### WORK ORDER:
Print what the records say exactly, and omit the pictures.
•••••
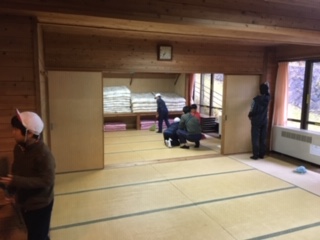 4日間,お世話になった山の家を,みんなで掃除しています。感謝の気持ちを込めて,「来た時よりも美しく」して帰ります。
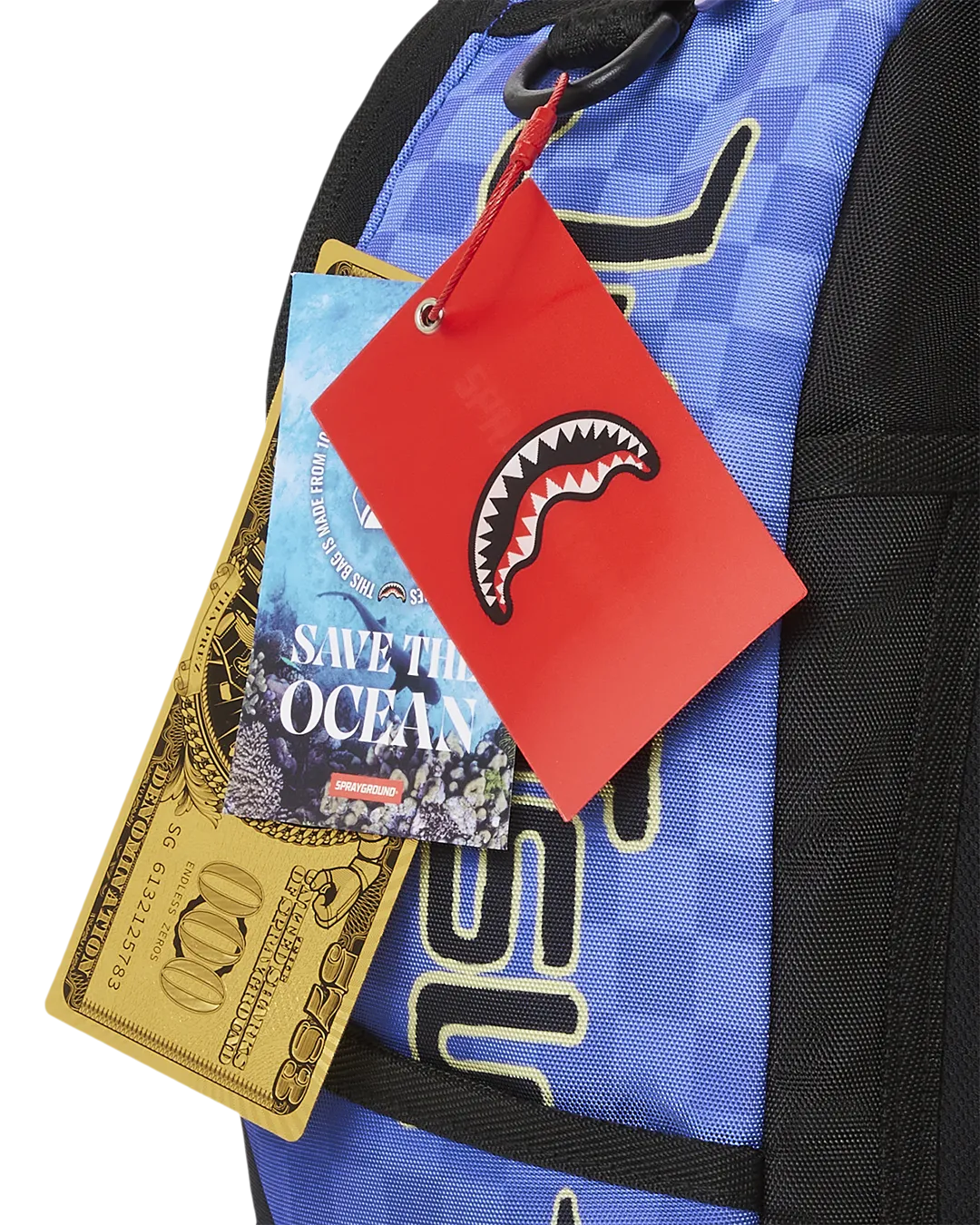 Dimensions: 18″ x 6″ x 11.5″ ? Front zipper pocket ? Side pockets ? Zippered Stash pocket ? Separate velour sunglass compartment ? Ergonomic mesh back padding ? Adjustable Straps for custom sizing ? Gold zippers with metal hardware ? Metal “Sprayground Authentic” badge ? Slide through back sleeve connects to carry-on luggage to free your hands
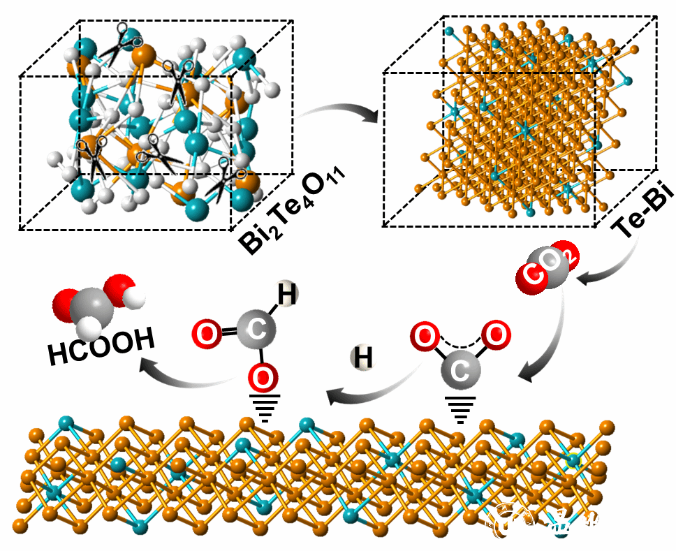 近日,澳门银河官网 王舜/金辉乐/王娟团队在国际顶级期刊《Angew. Chem. Int. Ed.》发表题为“The Reconstruction of Bi2Te4O11 Nanorods for Efficient and pH-universal Electrochemical CO2 Reduction”的论文。在这项工作中,通过在CO2RR条件下原位重构Bi2Te4O11 NRs来开发Te修饰的Bi纳米棒(Te-Bi NRs)。使用原位X射线衍射(XRD)和原位拉曼光谱对CO2RR过程中Bi2Te4O11 NRs的复杂重构过程进行了全面分析。该分析揭示了三个不同的步骤:Bi2Te4O11的分解、Te/Bi相的形成和Te的溶解。Te-Bi NRs在CO2RR中对甲酸盐表现出非常高的性能,在所有pH条件下(酸性、中性和碱性)都表现出优异的选择性和稳定性。具体而言,在中性、碱性和酸性条件下的流动池反应器中,在300 mA cm-2的高电流密度下分别实现了高达94.3%、96.4%和91.0%的HCOOH法拉第效率,超过了工业要求(>200 mA cm-2)。值得注意的是,在这种高电流密度下,可以稳定运行120多个小时。结合了密度泛函理论(DFT)计算和原位红外光谱(ATR-FTIR)全面揭示了Te的存在会使得Bi位点的呈现出缺电子状态,从而增强*OCHO中间体的吸附强度,同时显著抑制竞争性HER和CO的产生。
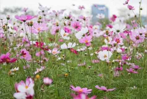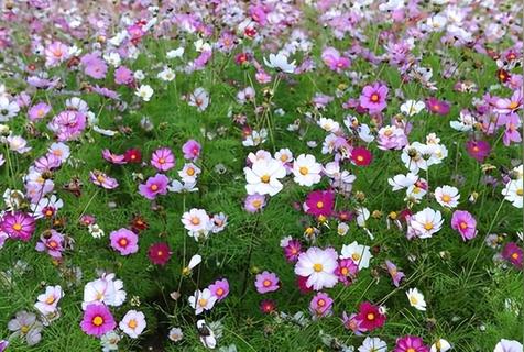 大波斯菊的花语是少女的真心、少女的纯情、清净、高洁、自由、爽朗、永远快乐。
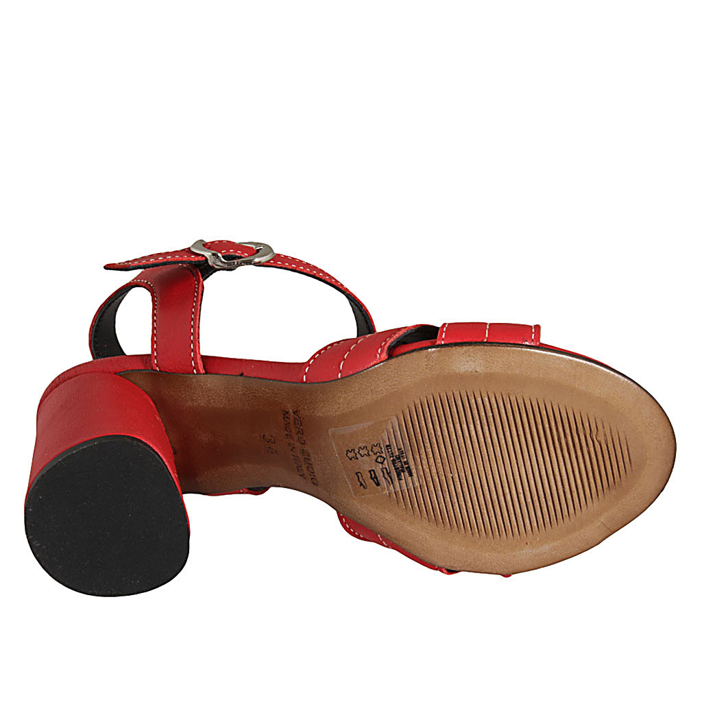 Woman's strap sandal in red leather heel 7
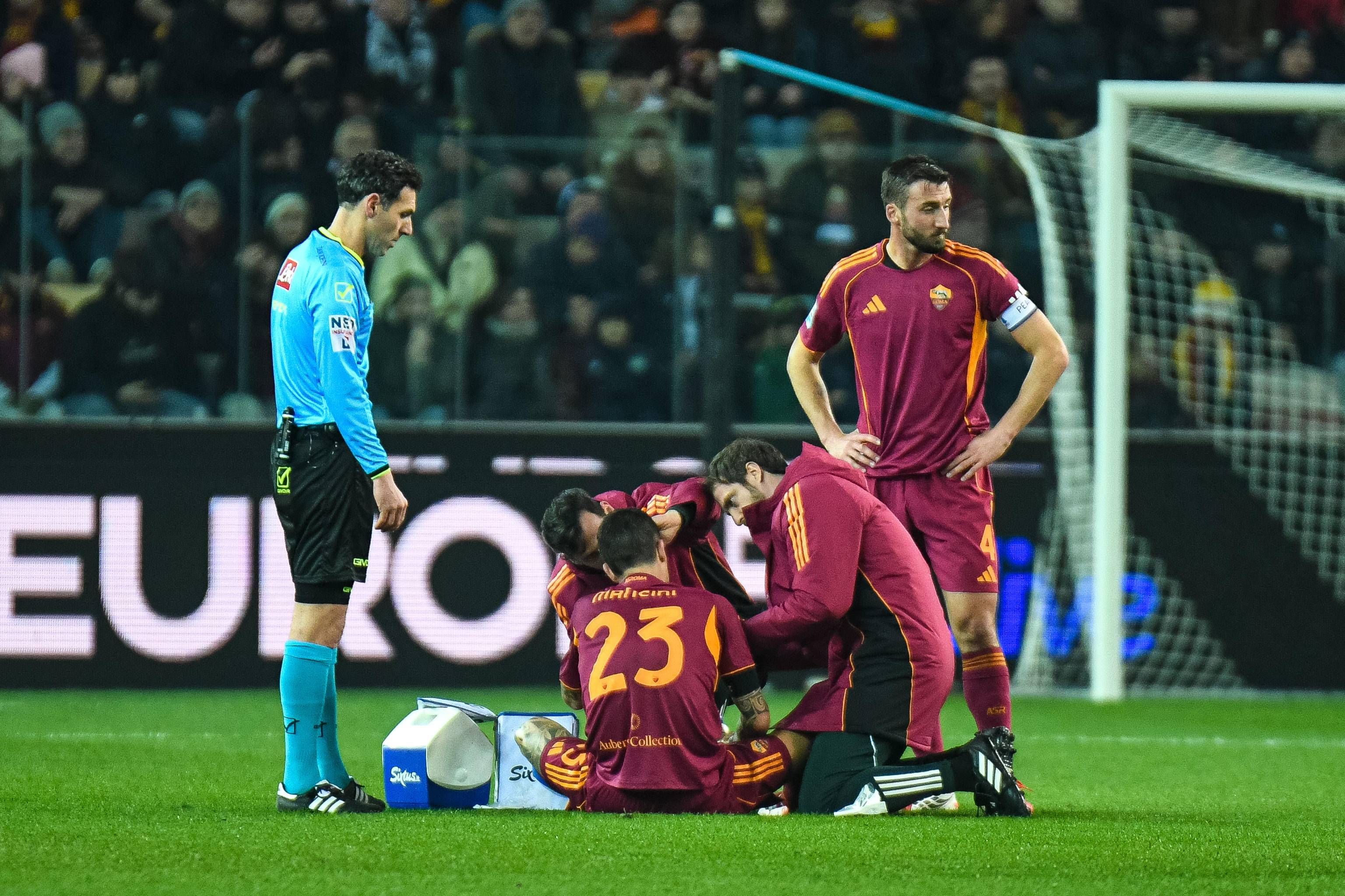 เมื่อวันที่ 2 กุมภาพันธ์ นักเตะโรม่า มานชินี (ด้านล่าง) ได้รับการรักษาอาการบาดเจ็บ. ซินหัว/อีพีเอ
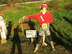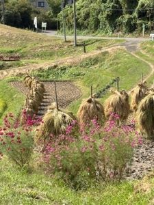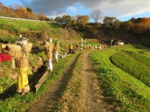 現在は稲刈りを終え、11月下旬まで「かかし祭り」が開催中です。約30体の個性豊かな案山子(かかし)が並び、訪れる人々を楽しませています。
•••••
### REPLY:
 4日間,お世話になった山の家を,みんなで掃除しています。感謝の気持ちを込めて,「来た時よりも美しく」して帰ります。
 Dimensions: 18″ x 6″ x 11.5″ ? Front zipper pocket ? Side pockets ? Zippered Stash pocket ? Separate velour sunglass compartment ? Ergonomic mesh back padding ? Adjustable Straps for custom sizing ? Gold zippers with metal hardware ? Metal “Sprayground Authentic” badge ? Slide through back sleeve connects to carry-on luggage to free your hands
 近日,澳门银河官网 王舜/金辉乐/王娟团队在国际顶级期刊《Angew. Chem. Int. Ed.》发表题为“The Reconstruction of Bi2Te4O11 Nanorods for Efficient and pH-universal Electrochemical CO2 Reduction”的论文。在这项工作中,通过在CO2RR条件下原位重构Bi2Te4O11 NRs来开发Te修饰的Bi纳米棒(Te-Bi NRs)。使用原位X射线衍射(XRD)和原位拉曼光谱对CO2RR过程中Bi2Te4O11 NRs的复杂重构过程进行了全面分析。该分析揭示了三个不同的步骤:Bi2Te4O11的分解、Te/Bi相的形成和Te的溶解。Te-Bi NRs在CO2RR中对甲酸盐表现出非常高的性能,在所有pH条件下(酸性、中性和碱性)都表现出优异的选择性和稳定性。具体而言,在中性、碱性和酸性条件下的流动池反应器中,在300 mA cm-2的高电流密度下分别实现了高达94.3%、96.4%和91.0%的HCOOH法拉第效率,超过了工业要求(>200 mA cm-2)。值得注意的是,在这种高电流密度下,可以稳定运行120多个小时。结合了密度泛函理论(DFT)计算和原位红外光谱(ATR-FTIR)全面揭示了Te的存在会使得Bi位点的呈现出缺电子状态,从而增强*OCHO中间体的吸附强度,同时显著抑制竞争性HER和CO的产生。
 大波斯菊的花语是少女的真心、少女的纯情、清净、高洁、自由、爽朗、永远快乐。
 Woman's strap sandal in red leather heel 7
 เมื่อวันที่ 2 กุมภาพันธ์ นักเตะโรม่า มานชินี (ด้านล่าง) ได้รับการรักษาอาการบาดเจ็บ. ซินหัว/อีพีเอ
 現在は稲刈りを終え、11月下旬まで「かかし祭り」が開催中です。約30体の個性豊かな案山子(かかし)が並び、訪れる人々を楽しませています。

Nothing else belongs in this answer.